# WHAT YOU SHOULD DO
Please repeat, exactly and without pictures, the lines of the entries below that run from the one containing "上面命令的含义进入test这" through the one containing "大きなバロックパールがポイントとネックレス。".

# DATA FOR THIS EXERCISE
[Start of Attachment]

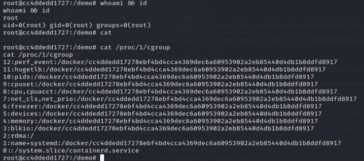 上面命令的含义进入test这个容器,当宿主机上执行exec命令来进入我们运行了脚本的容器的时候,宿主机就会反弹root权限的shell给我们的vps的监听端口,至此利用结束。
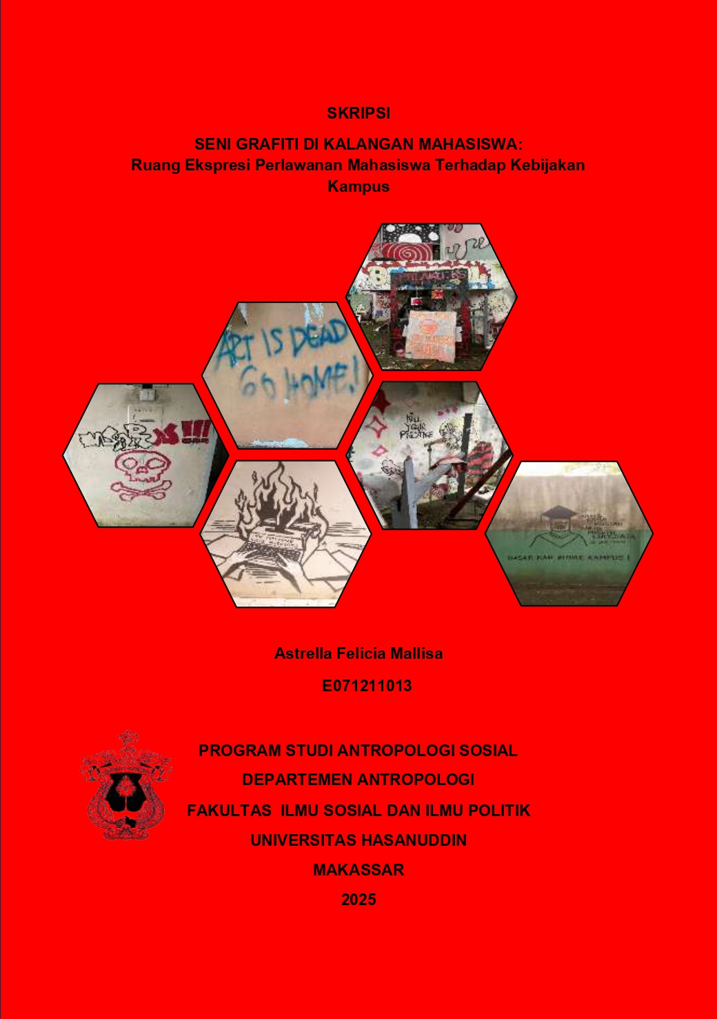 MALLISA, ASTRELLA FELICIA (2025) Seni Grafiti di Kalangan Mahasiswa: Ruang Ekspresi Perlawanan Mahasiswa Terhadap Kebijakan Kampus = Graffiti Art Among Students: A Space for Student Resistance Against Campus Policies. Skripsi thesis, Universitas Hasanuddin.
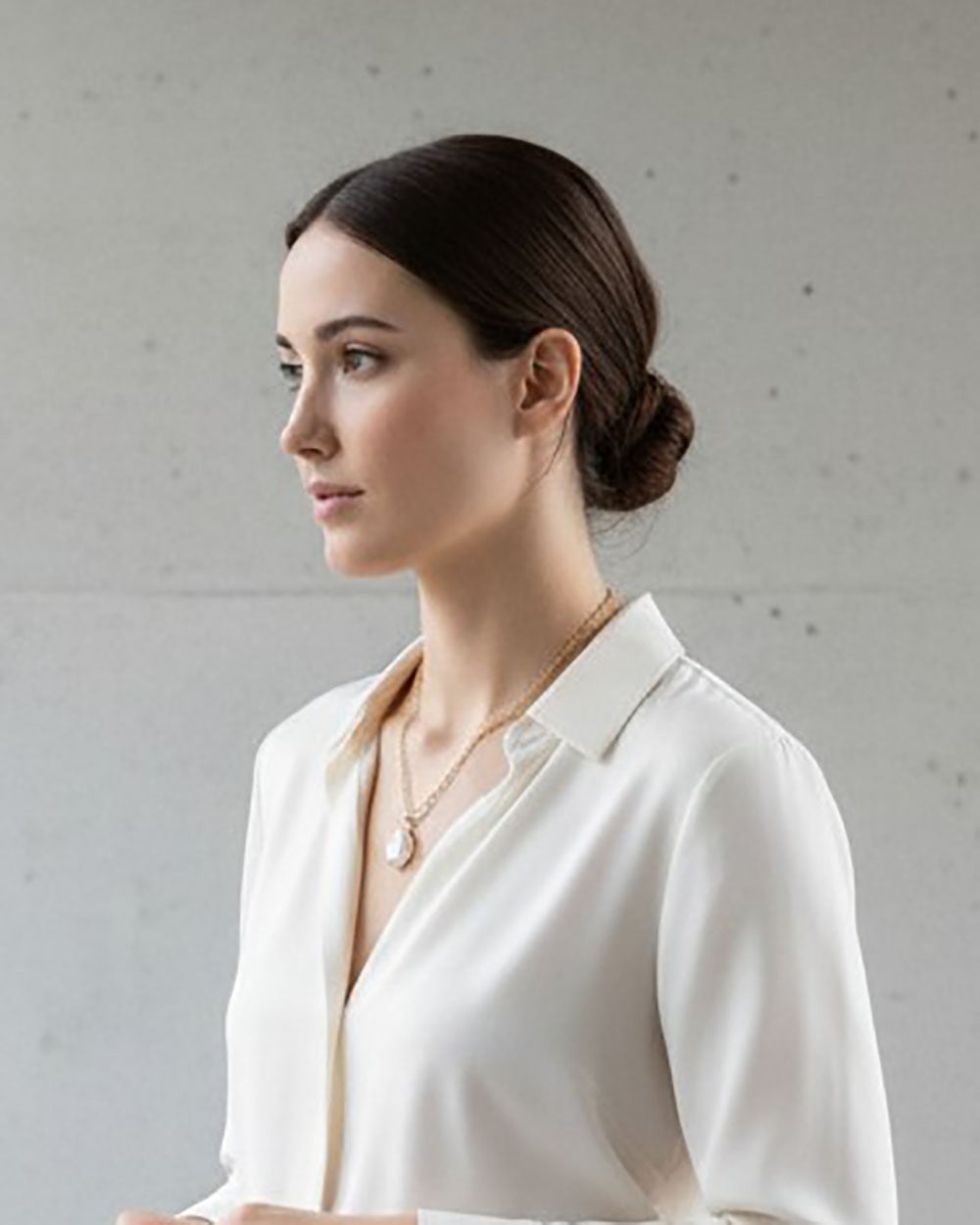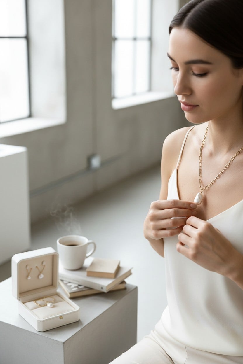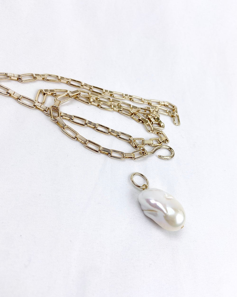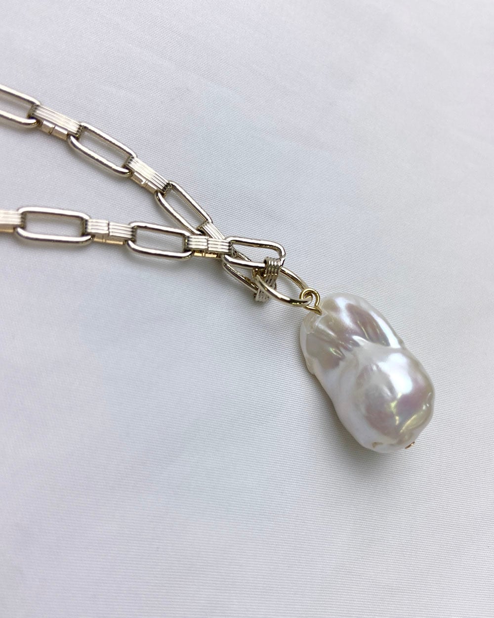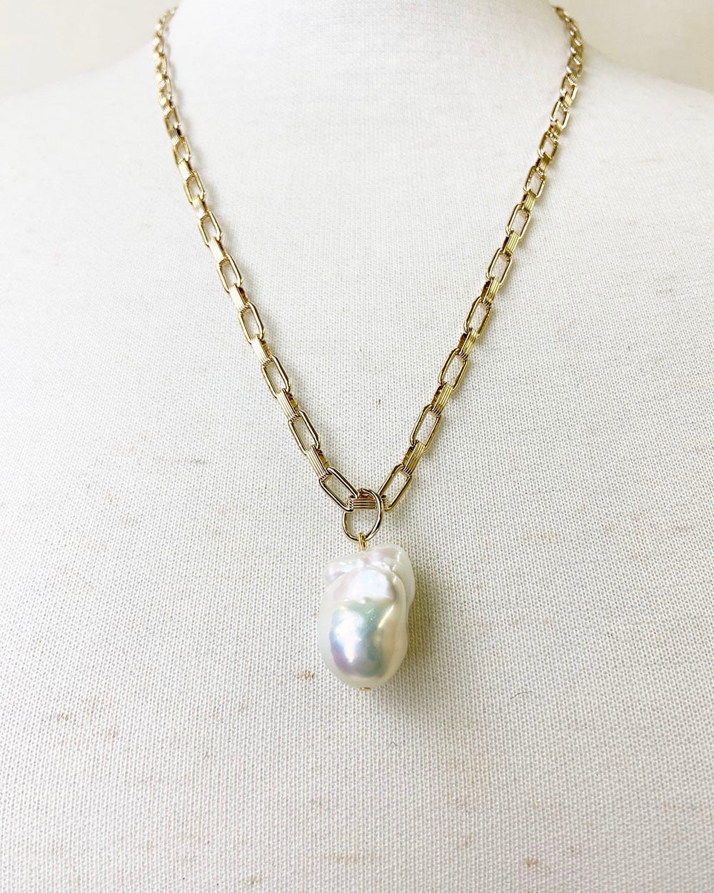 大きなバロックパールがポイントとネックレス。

[End of Attachment]
[Start of Attachment]

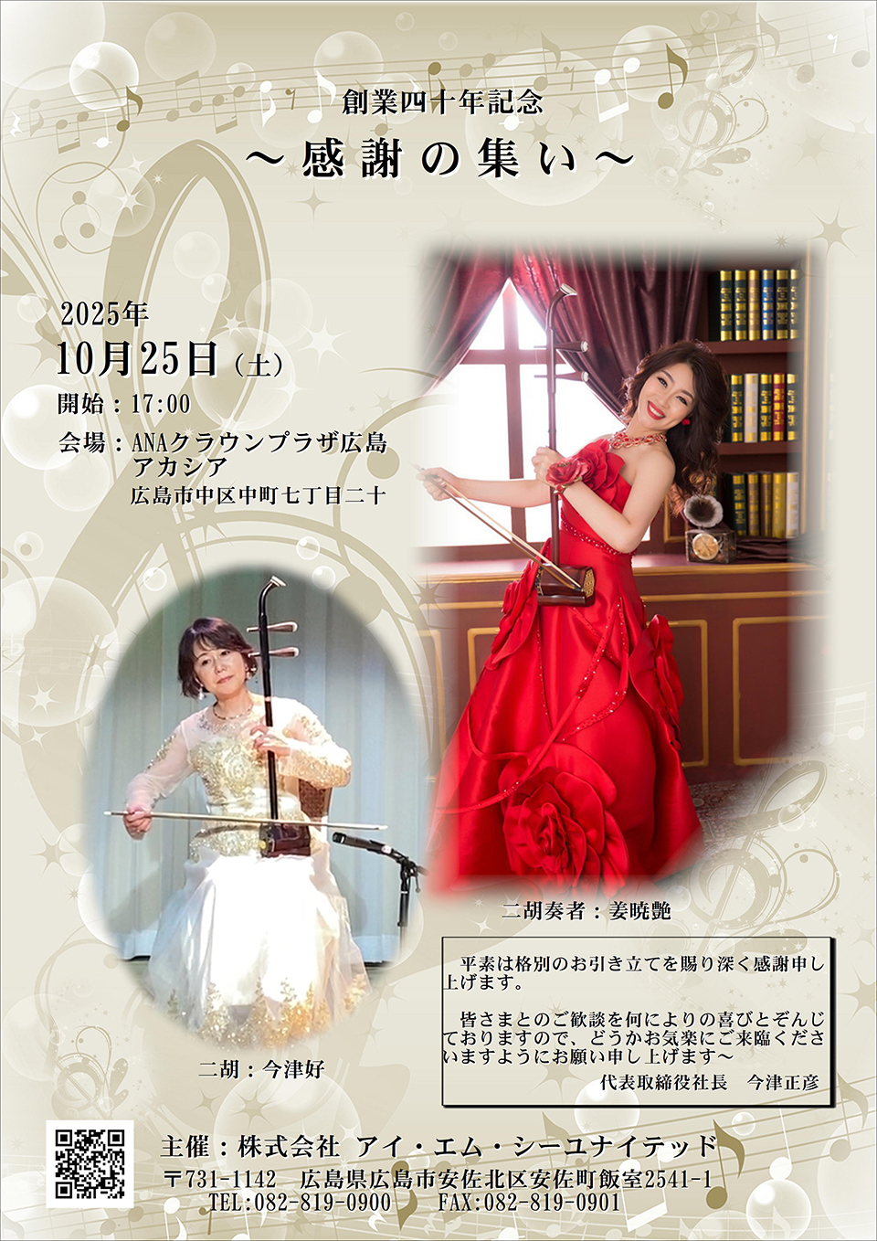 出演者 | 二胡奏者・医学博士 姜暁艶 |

[End of Attachment]

# EXERCISE ANSWER
 上面命令的含义进入test这个容器,当宿主机上执行exec命令来进入我们运行了脚本的容器的时候,宿主机就会反弹root权限的shell给我们的vps的监听端口,至此利用结束。
 MALLISA, ASTRELLA FELICIA (2025) Seni Grafiti di Kalangan Mahasiswa: Ruang Ekspresi Perlawanan Mahasiswa Terhadap Kebijakan Kampus = Graffiti Art Among Students: A Space for Student Resistance Against Campus Policies. Skripsi thesis, Universitas Hasanuddin.
 大きなバロックパールがポイントとネックレス。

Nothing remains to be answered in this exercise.